* **EXERCISE DIRECTIONS**: Your copy of the lines below must match them exactly and contain no images.

----- RECORDED DATA -----

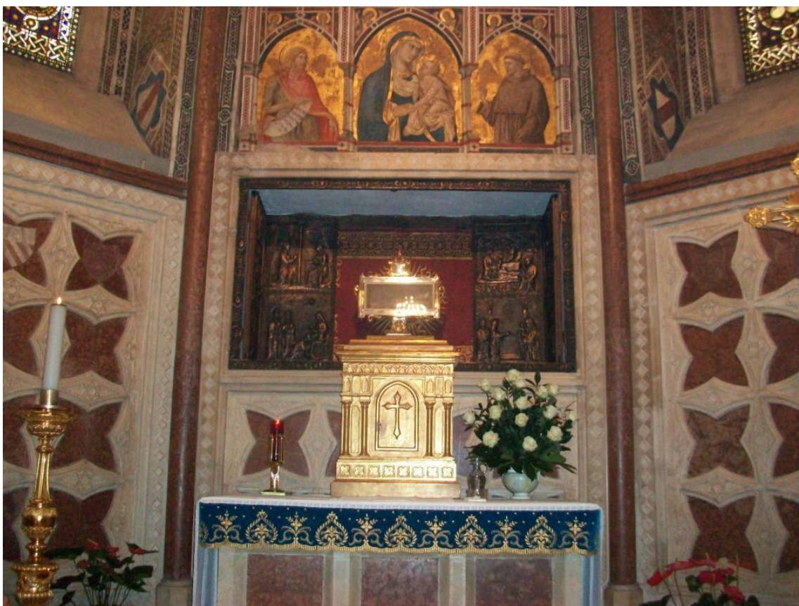
Marias sjal er åbenbaret d. 8. december 2016, i Johannes Døberens kapel i Basilica di San Francesco.

Den berømte franciskanske helgen Skt. Josef af Copertino (1600-1660), som i mange år boede på Sacro Convento, og som er berømt for sine mystiske erfaringer (bl.a. leviterede han), når han bad til Maria, spurgte engang Maria om det virkelig var hendes sjal. Maria svarede: "Tro mig, min søn, det er mit sjal, som jeg svøbte om Jesus-barnet" .
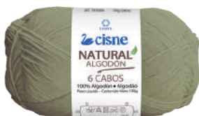
00214 VERDE OCRE

-----

* **YOUR SOLUTION**:
Marias sjal er åbenbaret d. 8. december 2016, i Johannes Døberens kapel i Basilica di San Francesco.

Den berømte franciskanske helgen Skt. Josef af Copertino (1600-1660), som i mange år boede på Sacro Convento, og som er berømt for sine mystiske erfaringer (bl.a. leviterede han), når han bad til Maria, spurgte engang Maria om det virkelig var hendes sjal. Maria svarede: "Tro mig, min søn, det er mit sjal, som jeg svøbte om Jesus-barnet" .
00214 VERDE OCRE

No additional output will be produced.